You Should Go To A State School

Screen Shot 2014-07-30 at 10.24.09 AM

As a generation, we’re pretty obsessed with doing great things in college. I don’t mean beating our best flip cup scores or winning 25 games of beer pong in a row, though. I mean we’re obsessed with getting into the kind of school that could theoretically allow us to be published astrophysicists before the age of 30. Ivy League schools seem to be parents’ goals for their kids now, with private preschool programs, SAT prep boot camps, and enough AP and IB exams to graduate from school in two years. It’s madness. It’s also not doing us any favors, because Ivy League schools actually suck. “Why? How? What do I do with this 4.5 GPA then?” you might shout at your screen right about now since you only applied to schools with a 4.0 or greater GPA requirement. I’m glad you asked, because a state school is your answer.

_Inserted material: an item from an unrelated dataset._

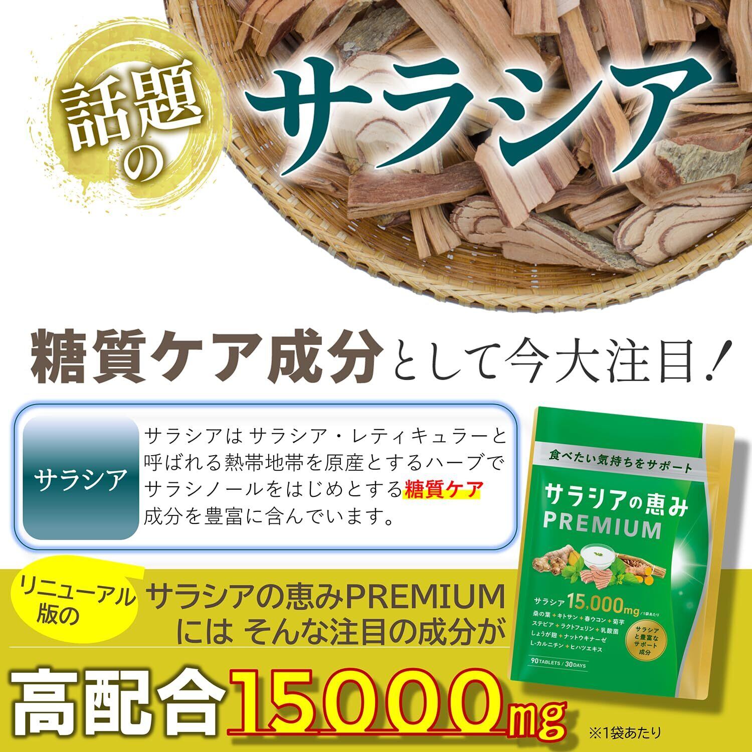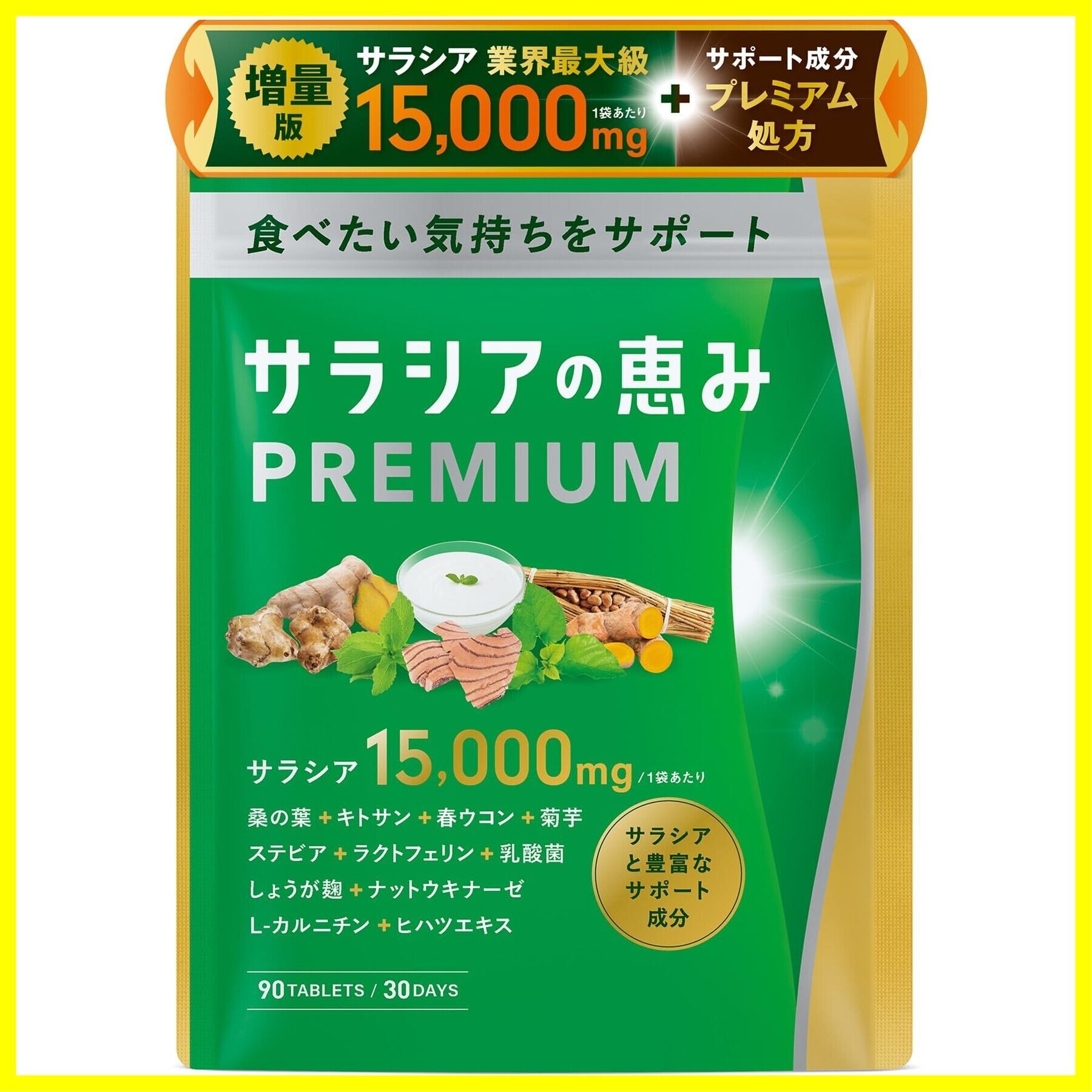 【サラシア増量版】 サラシアの恵みPREMIUM サラシア 15000mg リニューアル 増量 菊芋 春ウコン 桑の葉 乳酸菌 ナットウキナーゼ 90粒 30日分

Ivy League schools are, by definition, the most competitive schools outside of a few private institutions that are still damn hard to get into. Ultimately they are their own thing. Harvard, Yale, Princeton, and so on are all about as easy to get into as Alcatraz was to break out of. What they require of students now is borderline insane, because for these admissions boards, failure is not an option. Growing up and going to college, on the other hand, is all about making mistakes and failing. That’s the best way to learn. Success doesn’t teach nearly as many lessons as soul-crushing failure does, and it definitely doesn’t make you a better person if you never fail. You’ve seen those “rich kids of Instagrams” people. They’re basically walking supermassive black holes of douchiness, sucking out all class or intelligence around them. That’s what happens when you never have to experience any failure or hardship. No one wants to be the guy bragging about his three Ferraris on the Internet, because that guy gets his shit vandalized and doesn’t understand why no one likes him except when he’s throwing $100 bills.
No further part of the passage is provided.